WebRTC – Teleoperation

WebRTC is is a free, open project that provides browsers and mobile applications with Real-Time Communications (RTC) capabilities via simple APIs.  More specifically, low latency and multiple video/audio/data streams are provided by WebRTC. Coupled with a web application, they enable teleoperation for mobile robots. We use EasyRTC and Node.js to create a simple signaling server and HTML/javascript teleoperation application. The robot’s embedded GUI displays the remote user image and is connected to the videoconference session using Qt/QWebEngine (Chromium based). The GUI also bridges ROS  messages through the WebRTC’s data channel and internal websockets. A Virtual camera stream corresponding to the current map (updated at 1 Hz) is created by RTAB-Map.  

Features

  • Manual Teleoperation. A virtual joystick can be used to control the robot.
  • Robot Status. Battery, speed, wireless network information is sent periodically (1 Hz).
  • Vital Sign Monitoring . BLE Medical Sensors information is displayed (SPO2, Thermometer, Glucose Sensor, Blood Pressure, Scale).
  • Semi-Autonomous Behaviors (selected by the operator by clicking buttons)
    • Audio Tracking.  The robot to rotates automatically in the direction of the person speaking.
    • Automatic Docking. When the robot detects the docking station, a trajectory to dock is automatically generated.
    • Face Tracking. The robot rotates automatically in the direction of the detected faces.
    • Automatic Navigation. Navigation goals can be set by clicking on the “interactive” map. Pre-determined locations can also be clicked.

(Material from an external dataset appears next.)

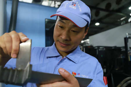 走在路上,他就是一位普通的中年人,誰(shuí)也不會(huì)想到他竟是黑龍江省首席技師!由黑龍江省人力資源和社會(huì)保障廳頒發(fā)的“李輝技能大師工作室”和“創(chuàng)新工作室”的標(biāo)牌,就在他的辦公室里閃著熠熠的光輝。多年來,作為技術(shù)帶頭人,李輝積極參與新型葉片研制、工藝編制改進(jìn)、工裝夾具設(shè)計(jì)改良、刀具切削試驗(yàn)等攻關(guān)任務(wù),獲百余項(xiàng)創(chuàng)新成果和十項(xiàng)發(fā)明專利、實(shí)用新型專利。他的工作室通過組織培訓(xùn)交流和學(xué)習(xí)、徒授藝、新產(chǎn)品研制和技術(shù)攻關(guān)、創(chuàng)新改進(jìn)、編寫加工手冊(cè)等活動(dòng),已經(jīng)培養(yǎng)出技師、高級(jí)技師70多名,占比一線技術(shù)工人24%。李輝用良心生產(chǎn)產(chǎn)品,用專心雕琢產(chǎn)品,用恒心提升產(chǎn)品,他用“工匠精神”激勵(lì)著更多的人不斷學(xué)習(xí)、進(jìn)步!

Click on the image below to see the web-based interface.

To integrate vital sign monitoring with videoconferencing and robot telepresence control, a telecommunication framework must provide bidirectional multipoint communication of audio streams, multi video feed streaming (e.g., general view of the scene and a close-up view of a region of interest; a navigation camera and a videoconference camera on a mobile robot) and data (e.g., vital signs, commands and states of the robot) from the same telecommunication station. In spite of the high number of software videoconferencing systems available, none provides the complete spectrum from vital sign monitoring to multi video feed stream and robot control. We therefore designed a solution from the ground-up to be a flexible, cloud-based, real-time and versatile framework. It provides secure audio, video and data transfer over a high-speed Internet connection using TLS encryption. Having full control of the telecommunication framework is mandatory for robot telepresence projects since we can select the right codecs with minimum latency and can optimize data transmission according to the application’s needs and the target bandwidth. We also developed a ROS bridge to ease integration with existing software modules.